ABOUT THIS TASK — Every entry is to be returned verbatim.

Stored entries

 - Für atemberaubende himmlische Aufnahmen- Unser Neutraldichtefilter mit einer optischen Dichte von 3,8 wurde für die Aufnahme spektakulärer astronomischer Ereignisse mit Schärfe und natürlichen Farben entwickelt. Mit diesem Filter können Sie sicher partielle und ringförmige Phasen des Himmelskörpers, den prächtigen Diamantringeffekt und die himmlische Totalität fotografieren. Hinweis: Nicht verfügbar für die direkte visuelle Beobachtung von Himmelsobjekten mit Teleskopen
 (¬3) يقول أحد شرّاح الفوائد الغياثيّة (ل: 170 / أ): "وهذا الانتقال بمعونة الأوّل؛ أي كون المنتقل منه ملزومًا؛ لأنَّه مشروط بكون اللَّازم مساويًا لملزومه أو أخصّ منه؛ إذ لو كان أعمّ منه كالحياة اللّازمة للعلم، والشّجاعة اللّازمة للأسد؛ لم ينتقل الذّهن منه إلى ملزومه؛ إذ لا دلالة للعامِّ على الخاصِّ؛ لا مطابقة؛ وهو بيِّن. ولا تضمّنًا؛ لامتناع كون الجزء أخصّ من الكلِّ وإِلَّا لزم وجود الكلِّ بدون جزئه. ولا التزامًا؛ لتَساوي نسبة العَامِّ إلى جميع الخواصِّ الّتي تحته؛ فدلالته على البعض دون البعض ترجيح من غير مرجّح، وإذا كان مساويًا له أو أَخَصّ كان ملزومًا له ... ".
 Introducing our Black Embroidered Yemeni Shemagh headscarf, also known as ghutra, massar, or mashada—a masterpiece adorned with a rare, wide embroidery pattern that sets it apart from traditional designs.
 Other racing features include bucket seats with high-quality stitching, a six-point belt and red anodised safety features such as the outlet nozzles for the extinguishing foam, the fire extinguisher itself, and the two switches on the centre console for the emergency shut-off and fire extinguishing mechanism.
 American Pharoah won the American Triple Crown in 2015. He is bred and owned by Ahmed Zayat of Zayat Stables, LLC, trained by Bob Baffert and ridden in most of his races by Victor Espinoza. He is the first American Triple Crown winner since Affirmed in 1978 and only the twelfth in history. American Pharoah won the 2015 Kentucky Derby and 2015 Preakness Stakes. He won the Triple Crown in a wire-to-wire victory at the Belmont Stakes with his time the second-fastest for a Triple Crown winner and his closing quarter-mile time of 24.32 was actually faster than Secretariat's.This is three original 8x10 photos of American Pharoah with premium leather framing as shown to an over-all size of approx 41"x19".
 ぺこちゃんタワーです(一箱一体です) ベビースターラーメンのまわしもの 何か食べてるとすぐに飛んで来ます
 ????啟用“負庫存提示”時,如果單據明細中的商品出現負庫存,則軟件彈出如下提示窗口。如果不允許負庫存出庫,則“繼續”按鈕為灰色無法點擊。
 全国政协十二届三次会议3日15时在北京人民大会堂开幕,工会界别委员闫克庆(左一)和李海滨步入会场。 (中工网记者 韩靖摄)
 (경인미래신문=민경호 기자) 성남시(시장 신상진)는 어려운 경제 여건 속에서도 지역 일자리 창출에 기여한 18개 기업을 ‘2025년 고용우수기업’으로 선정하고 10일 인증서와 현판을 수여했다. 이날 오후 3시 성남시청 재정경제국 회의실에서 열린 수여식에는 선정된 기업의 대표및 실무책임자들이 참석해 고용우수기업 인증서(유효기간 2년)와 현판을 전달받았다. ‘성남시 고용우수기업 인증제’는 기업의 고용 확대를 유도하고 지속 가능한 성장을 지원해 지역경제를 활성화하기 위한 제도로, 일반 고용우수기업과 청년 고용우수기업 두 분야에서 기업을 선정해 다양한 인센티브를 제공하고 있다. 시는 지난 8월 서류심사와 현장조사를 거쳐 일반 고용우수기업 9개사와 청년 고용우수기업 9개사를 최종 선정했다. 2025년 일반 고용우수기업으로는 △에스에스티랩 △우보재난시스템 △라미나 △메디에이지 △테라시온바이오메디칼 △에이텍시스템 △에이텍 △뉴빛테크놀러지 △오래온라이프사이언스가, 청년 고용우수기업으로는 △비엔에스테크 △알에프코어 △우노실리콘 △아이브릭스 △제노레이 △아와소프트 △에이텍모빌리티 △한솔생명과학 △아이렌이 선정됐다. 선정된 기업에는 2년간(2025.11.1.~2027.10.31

TASK OUTPUT —
 - Für atemberaubende himmlische Aufnahmen- Unser Neutraldichtefilter mit einer optischen Dichte von 3,8 wurde für die Aufnahme spektakulärer astronomischer Ereignisse mit Schärfe und natürlichen Farben entwickelt. Mit diesem Filter können Sie sicher partielle und ringförmige Phasen des Himmelskörpers, den prächtigen Diamantringeffekt und die himmlische Totalität fotografieren. Hinweis: Nicht verfügbar für die direkte visuelle Beobachtung von Himmelsobjekten mit Teleskopen
 (¬3) يقول أحد شرّاح الفوائد الغياثيّة (ل: 170 / أ): "وهذا الانتقال بمعونة الأوّل؛ أي كون المنتقل منه ملزومًا؛ لأنَّه مشروط بكون اللَّازم مساويًا لملزومه أو أخصّ منه؛ إذ لو كان أعمّ منه كالحياة اللّازمة للعلم، والشّجاعة اللّازمة للأسد؛ لم ينتقل الذّهن منه إلى ملزومه؛ إذ لا دلالة للعامِّ على الخاصِّ؛ لا مطابقة؛ وهو بيِّن. ولا تضمّنًا؛ لامتناع كون الجزء أخصّ من الكلِّ وإِلَّا لزم وجود الكلِّ بدون جزئه. ولا التزامًا؛ لتَساوي نسبة العَامِّ إلى جميع الخواصِّ الّتي تحته؛ فدلالته على البعض دون البعض ترجيح من غير مرجّح، وإذا كان مساويًا له أو أَخَصّ كان ملزومًا له ... ".
 Introducing our Black Embroidered Yemeni Shemagh headscarf, also known as ghutra, massar, or mashada—a masterpiece adorned with a rare, wide embroidery pattern that sets it apart from traditional designs.
 Other racing features include bucket seats with high-quality stitching, a six-point belt and red anodised safety features such as the outlet nozzles for the extinguishing foam, the fire extinguisher itself, and the two switches on the centre console for the emergency shut-off and fire extinguishing mechanism.
 American Pharoah won the American Triple Crown in 2015. He is bred and owned by Ahmed Zayat of Zayat Stables, LLC, trained by Bob Baffert and ridden in most of his races by Victor Espinoza. He is the first American Triple Crown winner since Affirmed in 1978 and only the twelfth in history. American Pharoah won the 2015 Kentucky Derby and 2015 Preakness Stakes. He won the Triple Crown in a wire-to-wire victory at the Belmont Stakes with his time the second-fastest for a Triple Crown winner and his closing quarter-mile time of 24.32 was actually faster than Secretariat's.This is three original 8x10 photos of American Pharoah with premium leather framing as shown to an over-all size of approx 41"x19".
 ぺこちゃんタワーです(一箱一体です) ベビースターラーメンのまわしもの 何か食べてるとすぐに飛んで来ます
 ????啟用“負庫存提示”時,如果單據明細中的商品出現負庫存,則軟件彈出如下提示窗口。如果不允許負庫存出庫,則“繼續”按鈕為灰色無法點擊。
 全国政协十二届三次会议3日15时在北京人民大会堂开幕,工会界别委员闫克庆(左一)和李海滨步入会场。 (中工网记者 韩靖摄)
 (경인미래신문=민경호 기자) 성남시(시장 신상진)는 어려운 경제 여건 속에서도 지역 일자리 창출에 기여한 18개 기업을 ‘2025년 고용우수기업’으로 선정하고 10일 인증서와 현판을 수여했다. 이날 오후 3시 성남시청 재정경제국 회의실에서 열린 수여식에는 선정된 기업의 대표및 실무책임자들이 참석해 고용우수기업 인증서(유효기간 2년)와 현판을 전달받았다. ‘성남시 고용우수기업 인증제’는 기업의 고용 확대를 유도하고 지속 가능한 성장을 지원해 지역경제를 활성화하기 위한 제도로, 일반 고용우수기업과 청년 고용우수기업 두 분야에서 기업을 선정해 다양한 인센티브를 제공하고 있다. 시는 지난 8월 서류심사와 현장조사를 거쳐 일반 고용우수기업 9개사와 청년 고용우수기업 9개사를 최종 선정했다. 2025년 일반 고용우수기업으로는 △에스에스티랩 △우보재난시스템 △라미나 △메디에이지 △테라시온바이오메디칼 △에이텍시스템 △에이텍 △뉴빛테크놀러지 △오래온라이프사이언스가, 청년 고용우수기업으로는 △비엔에스테크 △알에프코어 △우노실리콘 △아이브릭스 △제노레이 △아와소프트 △에이텍모빌리티 △한솔생명과학 △아이렌이 선정됐다. 선정된 기업에는 2년간(2025.11.1.~2027.10.31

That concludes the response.